Выбрать главу

Журналист: Убивать, кого?

Гонсалес: Убивать врага. Сначала ты не знаешь, какого. Потом тебе говорят: убивать партизана, ты узнаешь, что врагом может быть любой: и тот, кто кинул в тебя гранату, и тот, кто побеспокоил тебя ночью; но только потом, когда ты уже закончил день и выдохся, они говорят, что придет партизан, какой-то партизан по имени Кичипуа. Они всегда используют индейские имена, имена, которые звучат на индейский лад.

Журналист: Иными словами, индейцы — это и есть партизаны.

Гонсалес: Конечно. И кажется, именно в это время был кризис в отношениях с индейцами. С мапучес на юге. Там действовали воздушные силы и уничтожили немыслимое число людей.

Журналист: В Чили? Убийство индейцев?

Гонсалес: Так нам рассказывали. Что должны были убить там пять или шесть индейцев, и дело замяли. Подожди, дай мне вспомнить… Это было местечко из тех, где в резервациях живут мапучес, на юге Чили. И кажется, готовилось восстание или что-то в этом роде. Тогда туда вошли люди из военно-воздушных сил, и у них убили одного из офицеров, а те убили, не знаю сколько мапучес. Я это хорошо помню, поскольку нам рассказывали, что индейцы были полны стремления освободиться и что нельзя было повторять историю Соединенных Штатов, когда индеец воевал против белых. Конечно, я не могу утверждать, что все это дело о побоище происходило именно так, но так нам рассказывали.

Журналист: Ты рассказывал мне о подготовке.

Гонсалес: Ах да, о подготовке. На деле они систематически готовят человека-машину, машину, готовую выполнить любой приказ: «Огонь! Прыгай! Стреляй! Бросай гранату! Прыгай! Огонь! Бросай гранату! Стреляй!» В общем, человек-автомат на все 100 процентов. И скажу тебе, что я, когда останавливался у дверцы самолета в боевой готовности, был уже не я. Подходил момент, когда до дверцы мне оставалось три шага… «Прыгай!» Я смотрел на зеленый свет, и забывал о себе, мне казалось, что меня втиснули в другое существо, чувство было такое, как будто у тебя двойная личность, новая личность. Тогда я делал три шага, прыгал и кричал: «Кондооор!»… Падая вниз, видел только стропы, досылал патрон, брал в руки гранату и думал, что внизу находятся красные, которые пришли, не знаю откуда… и тысячи других вещей, думал, что надо быть осторожным, что ветер такой-то, и приземлялся… и иногда начинал плакать.

Журналист: Почему?

Гонсалес: Думаю, что из-за нервного напряжения. Офицеры говорили нам, что каждый прыжок стоит двух бессонных ночей. Что американцы в этом деле фантастичны, среди них есть типы, прыгавшие чуть ли не 400 раз. Классность измеряется количеством прыжков. Что среди американцев есть типы, которые имеют на своем счету по 480 прыжков, что они не проверяют снаряжение, что прыгают так, что они ужасно храбрые и решительные, в общем люди из другого мира. Что ради родины они делают все.

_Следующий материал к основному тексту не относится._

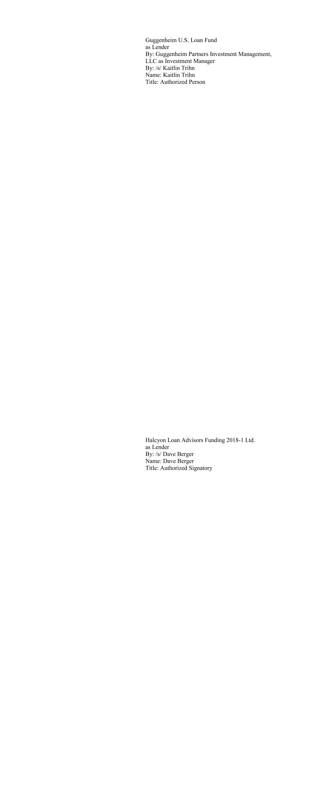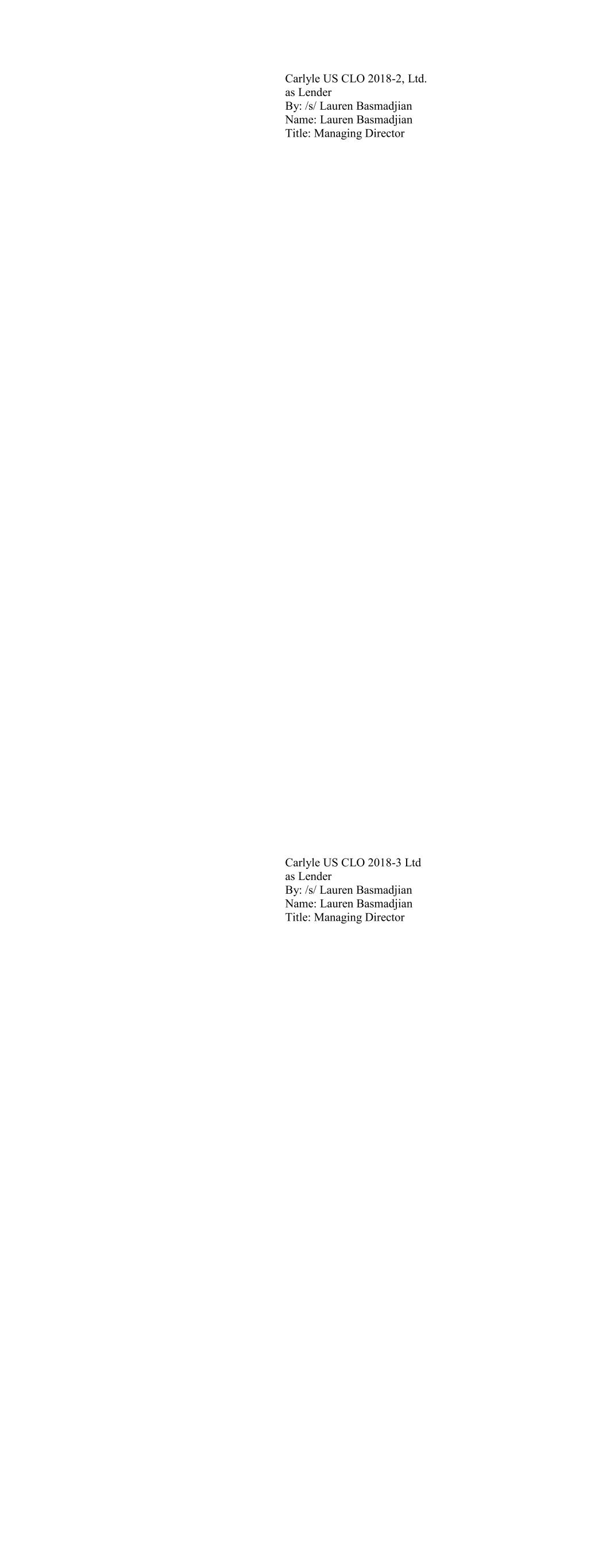 Carlyle US CLO 2018-2, Ltd. as Lender By: /s/ Lauren Basmadjian Name: Lauren Basmadjian Title: Managing Director Carlyle US CLO 2018-3 Ltd as Lender By: /s/ Lauren Basmadjian Name: Lauren Basmadjian Title: Managing Director
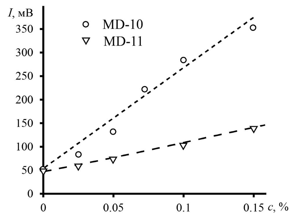 Анализ спектров светопоглощения водных растворов частиц полистирола показал, что дисперсии имеют значительное светорассеяние при 532 нм. На рис. 2 представлены электронные спектры исследуемых образцов. Результаты измерения светорассеяния при помощи термолинзового спектрометра показали, что дисперсия MD-10 (80 нм) характеризуется ожидаемо бóльшим светорассеянием в сравнении с MD-11 (65 нм) при тех же массовых концентрациях (рис. 3).
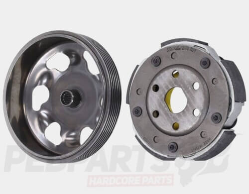The Malossi Maxi Fly System combines the reinforced Maxi Fly Clutch with the dynamically balanced Maxi Wing Clutch Bell for optimal transmission performance in high-demand street riding. Designed for durability, reliability, and smooth operation, this system handles city traffic, starts uphill, and rapid accelerations with ease.
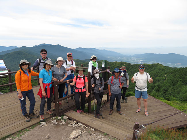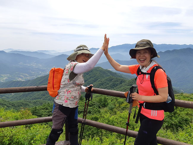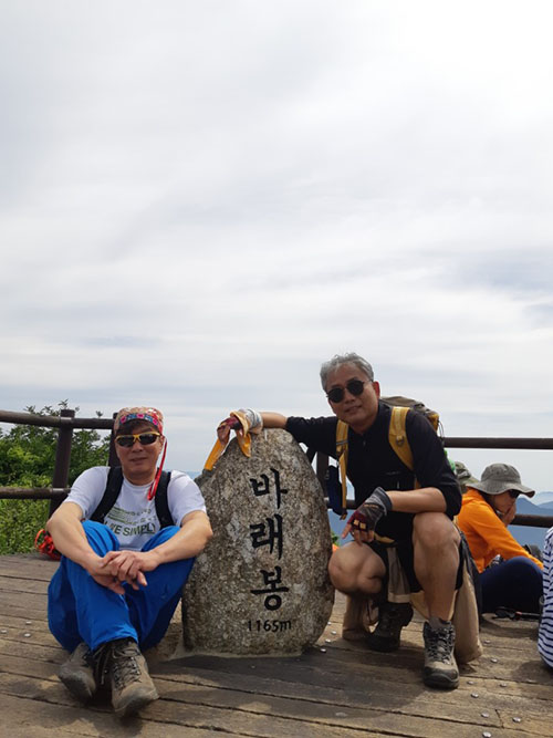 바위에서 지리산을 바라보다 반갑게 웃어주는 회원들

Журналист: Сколько времени пробыл ты в этой части?

Гонсалес: Восемь месяцев.

Журналист: Ты чувствовал себя очень несчастным и подавленным офицерами?

Гонсалес: Поначалу нет. Я был человеком очень уважительным. Для меня было важно, чтобы меня любили. С другой стороны, с моей точки зрения, я был уже не я. Я чувствовал себя подмененным, изломанным, во мне ликвидировали все, что во мне было раньше. Я не испытывал любви ни к чему.

Журналист: Как достигается это? Как им удается изломать человека до такой степени, что он не испытывает уважения ни к чему и ни к кому и превращается в машину-убийцу? Как они добиваются этого?

Гонсалес: Системой. То есть ежедневно, каждые 5 минут тебе говорят: «Прыгай! Вперед! Бей!» Тебя просто отчуждают от всего мира… «Бей его!»

Журналист: Кого бей?

Гонсалес: Воздух. Или тебе кричат: «А! Вперед! Бей его!» Ты слышишь тысячи, десятки тысяч таких криков. И если ночью у кого-то упадет спичка, то вскакиваешь во сне, сонный прыгаешь с кровати и кричишь: «А-а-а-а-а!» Потому что день за днем, час за часом ты живешь этим, и это уже вопрос психики. Ты на все реагируешь, не раздумывая. Кроме того, вместе с тобой всегда офицеры, здесь курсы не только чисто сержантские, здесь нет различия в званиях, различают только по номерам: один идет под номером первым, другой — под номером 24, нет никаких лейтенантов, ни солдат, ни ефрейторов. К примеру, у меня был номер 24; не было ни имени, ни фамилии, ничего. Был только номер. «24-й, прыгай, бей!» И я бежал, прыгал и кричал: «Одна тысяча, две тысячи, три тысячи, четыре тысячи…» Упал и оставался неподвижным, очень тихо лежал; если двинул хоть мускулом или даже заморгал, я должен был платить за это десятью выжиманиями. «Отдохни! Восстанови силы, ты меня понимаешь?» И тогда я восстанавливал силы. Или спокойно отдыхал. «Бей его!» — «Одна тысяча… две тысячи… три тысячи…» — «Бей!» — «Одна тысяча… две тысячи…» — «Сделай десять раз!» — «Один… два… три… четыре… десять…» — «Стой! Прыгай!» — «Одна тысяча… две тысячи… три тысячи…»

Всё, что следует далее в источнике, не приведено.